Jeff Rosenblum is a founding partner of Questus, a digital agency.

As everyone knows, the NFL is in the midst of an unprecedented meltdown. Sports periodicals and social media are focusing on the off-the-field violence of its players rather than the on-the-field competition of its teams. Fans may run away from the game, and perhaps most concerning to the league, major advertisers such as Anheuser-Busch and Nike are thinking twice about their relationship with the NFL.

As the industry convenes in New York City for Advertising Week, the NFL’s challenges serve as a reminder that great brands are now built, not bought. Brands can no longer simply buy media and interrupt their audience with a story. As the league is demonstrating, the content on which the ads appear can have a severe negative impact on the psyche of the audience.

A massive proportion of the NFL coverage right now is about spousal and child abuse. When I speak to football fans about how they feel, they use terms such as “gross,” “disgusted,” “nauseous,” “fed up” and “guilty.” That is absolutely not the environment in which brands want to appear.

Last month, ESPN repeatedly ran content about a father allegedly beating his son. Within three seconds of the anchor sharing gory details of the event, it ran an ad for a fast-food chain. At that point, the audience was nauseous and their minds were not open to considering the advertiser’s message. This is not unique. Due to a psychological phenomenon known as negativity bias, media companies know they can attract more viewers with repugnant stories (just think about what appears on the nightly news and evening dramas).
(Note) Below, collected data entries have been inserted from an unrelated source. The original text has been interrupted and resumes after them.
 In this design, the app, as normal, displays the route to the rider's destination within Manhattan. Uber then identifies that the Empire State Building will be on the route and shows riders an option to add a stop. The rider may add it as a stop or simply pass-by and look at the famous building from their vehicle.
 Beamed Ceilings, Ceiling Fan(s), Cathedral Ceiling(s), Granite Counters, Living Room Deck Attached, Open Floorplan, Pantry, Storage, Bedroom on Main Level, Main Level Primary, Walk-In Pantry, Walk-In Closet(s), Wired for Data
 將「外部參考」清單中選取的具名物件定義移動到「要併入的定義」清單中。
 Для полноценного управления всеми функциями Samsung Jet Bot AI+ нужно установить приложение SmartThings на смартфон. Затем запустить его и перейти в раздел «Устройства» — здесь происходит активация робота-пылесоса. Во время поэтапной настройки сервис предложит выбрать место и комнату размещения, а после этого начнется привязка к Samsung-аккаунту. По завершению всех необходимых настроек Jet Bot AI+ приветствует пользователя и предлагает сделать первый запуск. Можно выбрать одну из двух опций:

What makes it worse is that this problem only occurs when the audience actually sees the ads. Advertisers thought that DVRs would crush the industry, but the bigger problem is mobile technology. Even when ads aren’t skipped with a DVR, two-thirds of the audience is distracted by mobile devices.

This isn’t a bleak situation for the advertising industry. In fact, there are massive opportunities being created by the same technologies that are shifting our attention away from traditional paid advertising. Thanks to ubiquitous digital connections, brands can now leverage their own content rather than rely on paid advertising. This is where we see some of the most powerful case studies right now: Chipotle, Patagonia, Apple, Red Bull, Virgin America, Dove, Zappos and Amazon. Hundreds of millions of people are flocking to their videos, apps and experiences, then sharing them with their friends. These brands are not only creating great case studies. They are reaping huge financial rewards. Brands creating great content and experiences dominate the competition.
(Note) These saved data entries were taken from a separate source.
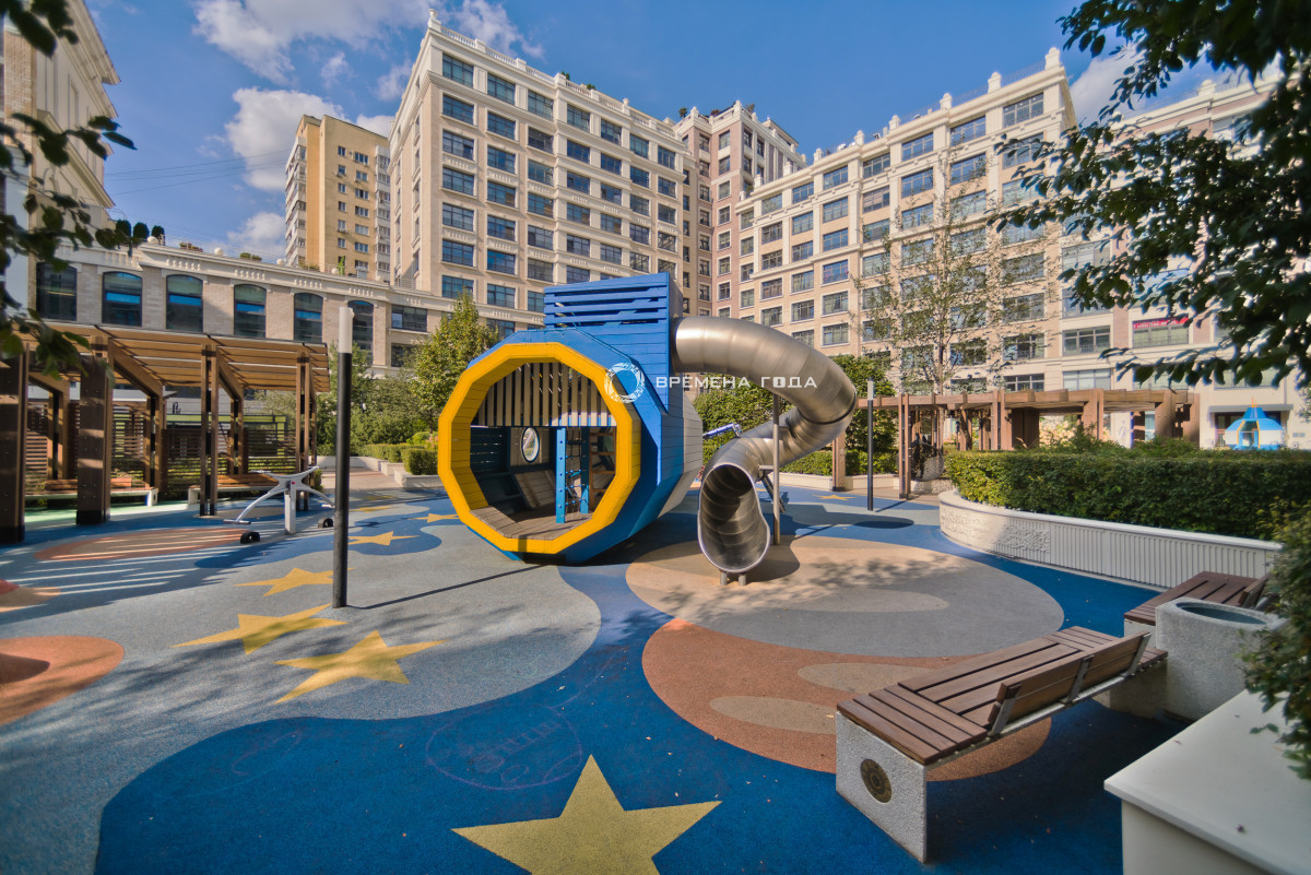 Придомовая территория абсолютно безопасна для отдыха. На территории внутреннего двора находится миниатюрный парк. Его главное украшение — фонтан. Парк расположен в окружении мест для отдыха детей и взрослых, спортивных площадок.
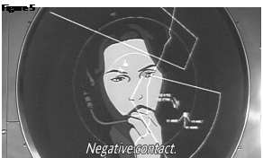 But the fact that this technology does transform its users is symbolically indicated by shots of one pilot from a viewpoint outside his plane; we must look back through the HUD so that the digital readouts now appear superimposed (in mirror image) on the pilot’s face (figure 6). The same shot is used in the controlroom sequence, where we gaze down at the operators from a position behind the wall-mounted display screens. The screens appear partly transparent to us, allowing us to see the operators, who appear behind the reversed readouts. This kind of shot is repeated throughout the film; again and again we see the characters through semi-transparent display screens, visors, and eyeglasses that flash with digital information. These shots force the spectator to look through this technology just as the characters do, and also become a central image in the film supporting the idea that, however transparent the technology, however subtle its mediation, it nevertheless alters us and our view
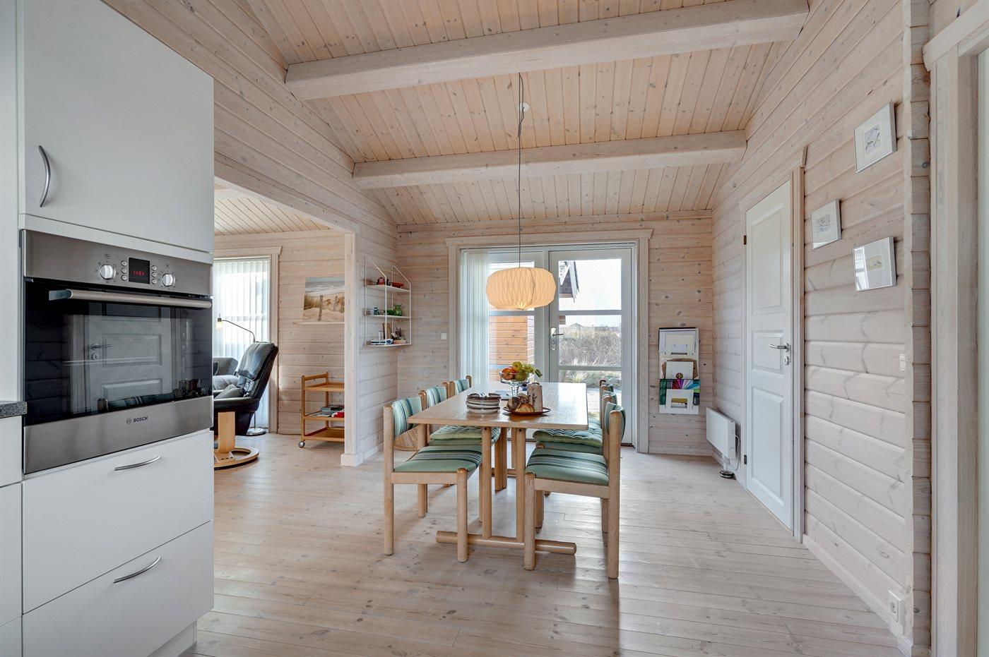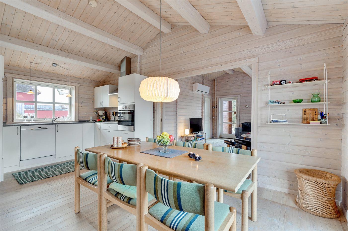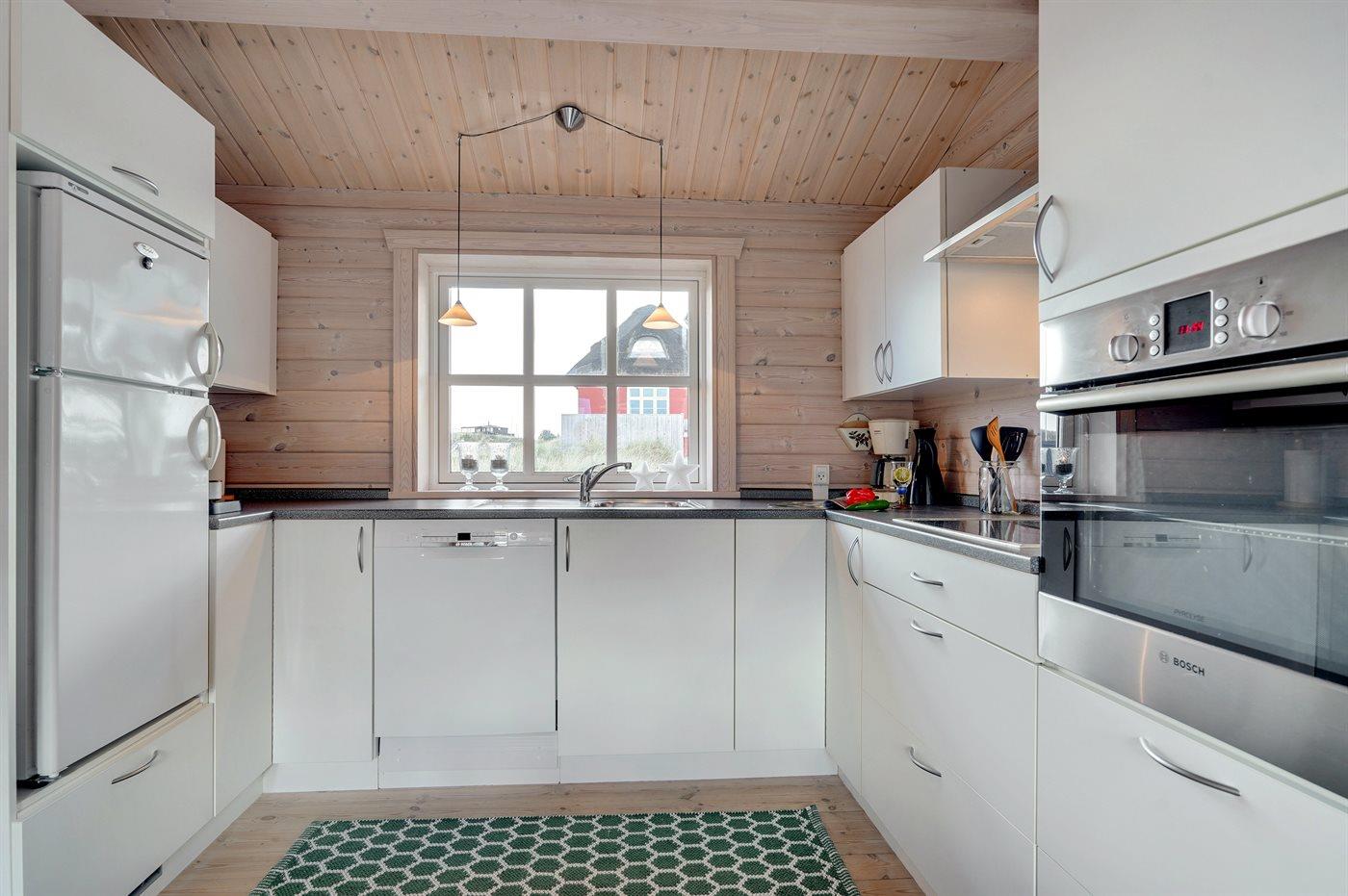 Køkkenet er udstyret med 1 køleskab. Der er 4 keramiske kogeplader, varmluftovn, mikrobølgeovn samt opvaskemaskine.

For the advertising industry, creating content rather than buying advertising requires revolutionary change. It isn’t as simple as hiring content developers, licensing content or making daily posts for social media. It requires breakthrough insights, long-term strategy and creative genius. It requires a dramatic shift in budgets from buying media to creating media. These changes can’t be subtle because success requires the audience to go out of its way to participate in the content and share it with others. That’s a lot tougher than simply buying targeted ads to interrupt people.

What makes it even tougher is that the content and tools need to live in an omni-channel environment. Brands can no longer rely on one or two touchpoints, such as TV and print. They must leverage dozens of touchpoints, each of which has its own role in building a relationship with the audience.

While revolutionary change is ahead, this isn’t about the death of the NFL or traditional advertising. The NFL will continue to be an incredible partner for the advertising industry. Likewise, traditional paid media will continue to be a powerful tool for brands. But the NFL’s recent problems highlight that advertising strategy needs to change fundamentally to match changes in consumer behavior. It’s not enough to buy advertising and interrupt the audience with a brand story. Great brands are now built, not bought.